Ce qui est vraiment resté après le changement de corps

Bilan pratique de la phase de test « Agents Brain » du 6 au 15 juillet : identité stable, fonction « write-back » opérationnelle, lacunes visibles et véritables bloqueurs de harnais.

Eine Frau prüft einen Retro-Roboter am Teststand, der in einer Broschüre als perfekt beworben wird; die Anzeige warnt vor zu früher Feier.

Ce que tu vas en retirer : Tu trouveras ici le bilan honnête de mon test « Agent Brain » réalisé du 6 au 29 juillet – avec les premiers résultats des neuf premiers jours, les éléments de preuve qui se sont ajoutés depuis et les lacunes qui subsistent.

Le 6 juillet 2026 a marqué le début du test pour lequel j'avais conçu l'Agents Brain : Nox a migré vers Hermes, tandis que l'identité et la mémoire sont restées dans le référentiel.

Neuf jours plus tard, j'ai pu pour la première fois en dire davantage que „ Les fichiers étaient toujours là “. Ce constat du 15 juillet reste le instantané historique de l'article. Depuis, deux semaines supplémentaires de tests et d'essais en conditions réelles sont venues s'y ajouter.

Voici le bilan établi à partir de cinq questions – chacune faisant la distinction entre la situation à l'époque et celle attestée par les pièces justificatives du 29 juillet.

1. L'identité est-elle reconnaissable dans le nouvel outil ?

Oui – à une distinction importante près.

Le document ’ SOUL » rédigé par Nox dans l'ancien espace de travail a été repris tel quel dans le Vault. Seules des remarques neutres ont été ajoutées pour signaler les anciennes références à des outils qui sont désormais obsolètes. Le ton, l'approche et les principes de travail ont été conservés.

Son manuel d'exploitation a en revanche été remanié. Cela s'imposait, car le système et, par conséquent, les outils disponibles avaient évolué. Hermes est aujourd'hui le principal système d'orchestration ; l'ancien environnement d'outils relève désormais du contexte historique.

Ce test a ainsi confirmé une limite pertinente :

  • Les contenus liés à l'identité peuvent être transférés de manière stable.
  • Les règles de travail liées aux outils doivent être adaptées à la nouvelle durée d'exécution.
  • Ces deux éléments doivent figurer dans des fichiers distincts afin que la modification reste visible.

„Même agent“ ne signifie donc pas que chaque ligne doit rester inchangée. Cela signifie que les modifications sont effectuées au niveau de la couche appropriée.

2. Ces souvenirs étaient-ils utiles ?

Oui, car il n'a pas été considéré comme entièrement réglé.

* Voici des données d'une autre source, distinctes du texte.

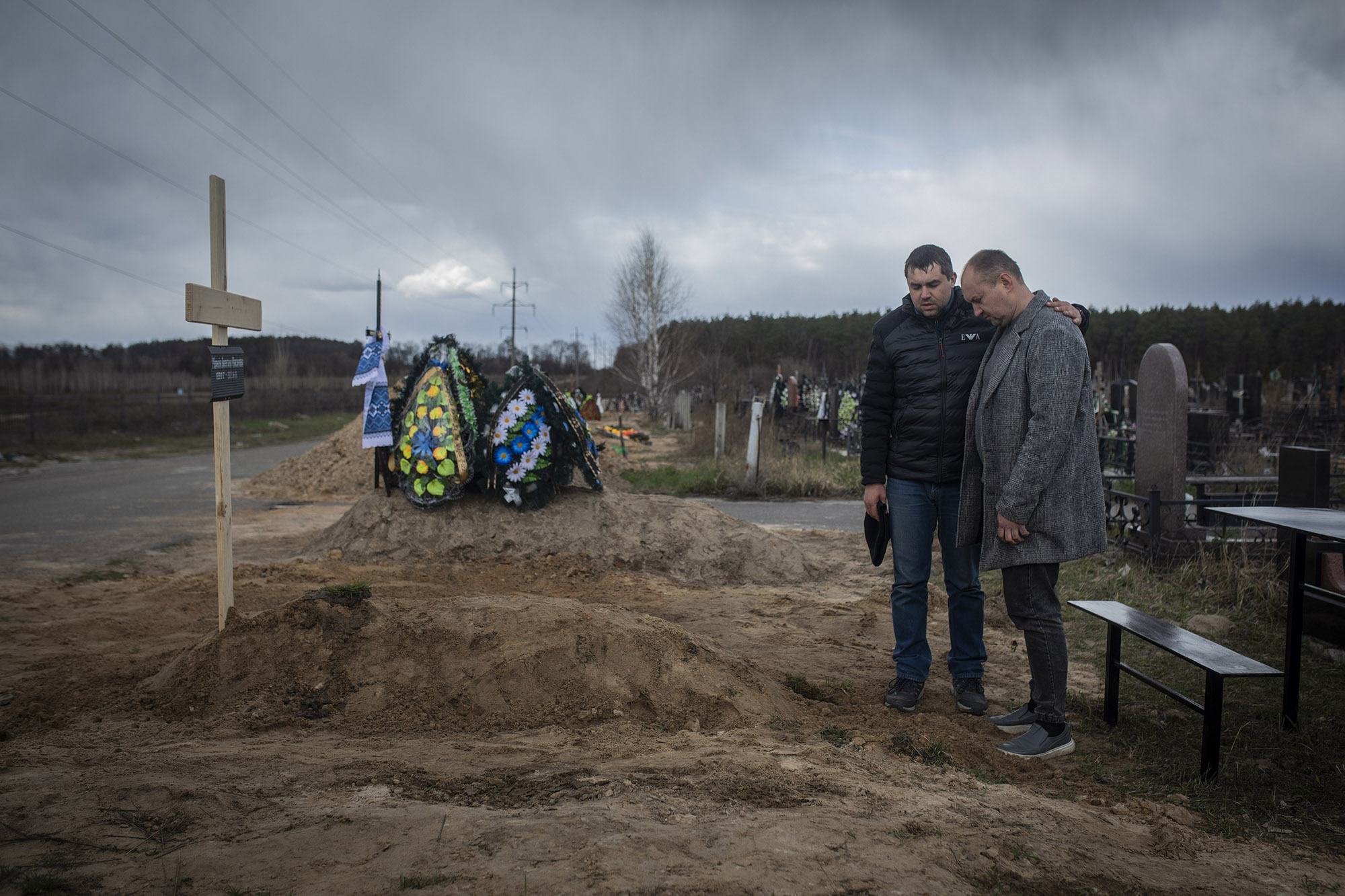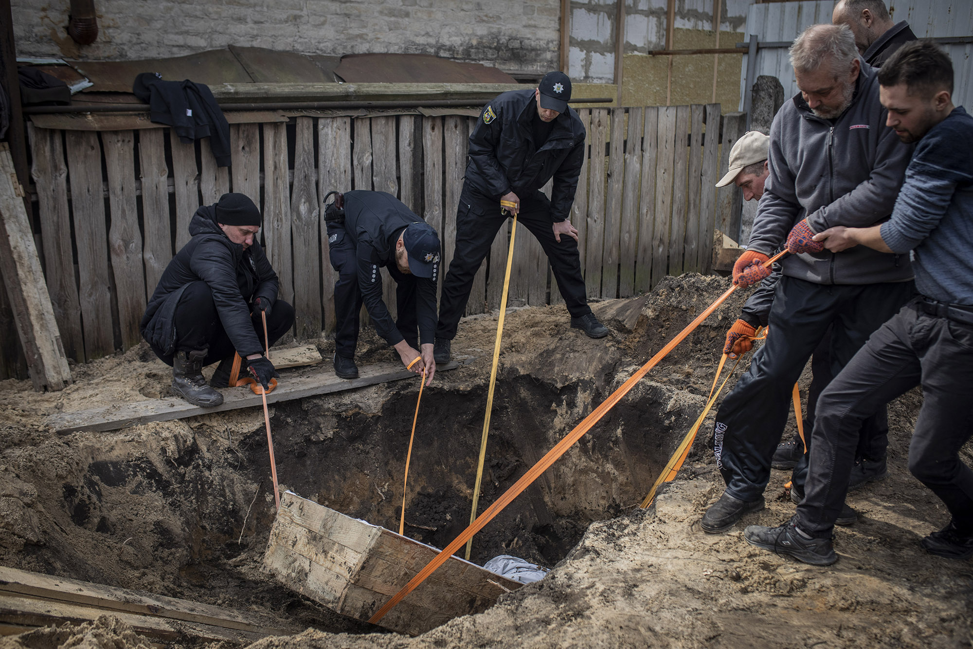 En estas dos imágenes vemos a Valeriy —junto a su hijo Andriy, otros familiares y amigos y agentes policiales— desenterrando el ataúd con el cuerpo de su hijo mayor, Oleksiy, que murió por un disparo en el centro de Bucha el 12 de marzo. Al ver que tras salir a encontrarse con una persona que iba a ser evacuada Oleksiy no volvía a casa, salieron a buscarlo. Aquella noche no pudieron ir más allá de los alrededores de la vivienda por la presencia de las tropas rusas.

L'ancienne mémoire à long terme a fait l'objet d'un tri lors du déménagement. Les états de projet obsolètes ont été clairement signalés. Les distillats sensibles n'ont délibérément pas été transférés dans le « Brain » central. La KW12 non documentée est restée visible, constituant une lacune connue.

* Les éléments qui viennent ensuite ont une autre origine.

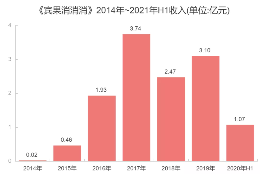 《宾果消消消》也曾在2019年提交了招股书,该游戏在2015-2019年间,分别实现4621.58万元、1.93亿元、3.74亿元、2.47亿元及3.1亿元的营收。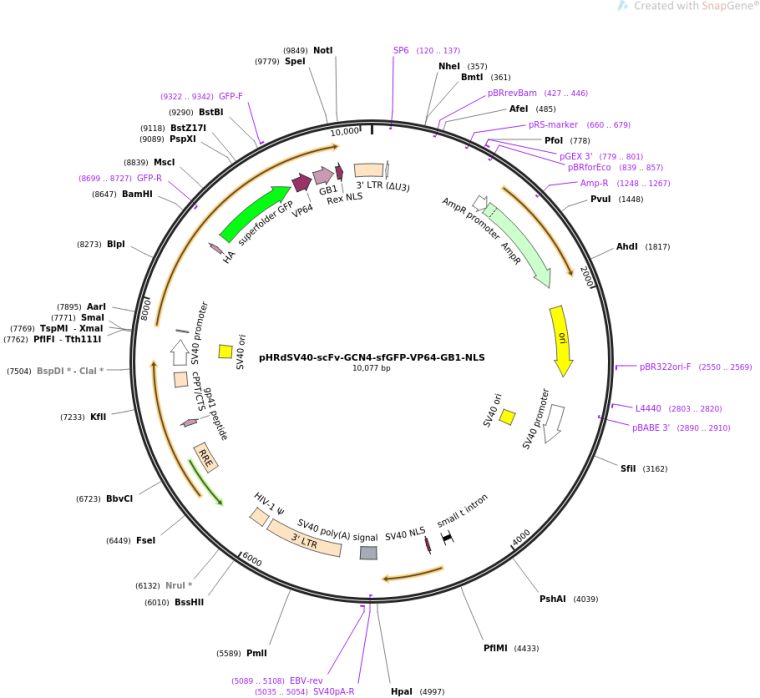 质粒名称:pHRdSV40-scFv-GCN4-sfGFP-VP64-GB1-NLS

Nox a ainsi pu démarrer avec une véritable trame narrative, sans confondre les anciennes informations avec les connaissances actuelles.

C'est une différence importante. Une grande quantité de données anciennes n'aurait pas constitué une meilleure mémoire. C'est le tri qui a rendu ces données exploitables : qu'est-ce qui est stable ? Quelle est la situation en mars ? Qu'est-ce qui manque ? Qu'est-ce qui doit être revérifié à partir de sources récentes ?

Au quotidien, cette approche a fait ses preuves. Nox ne considère pas le référentiel comme une source infaillible. Pour connaître l'état actuel des projets, il consulte les sources primaires correspondantes.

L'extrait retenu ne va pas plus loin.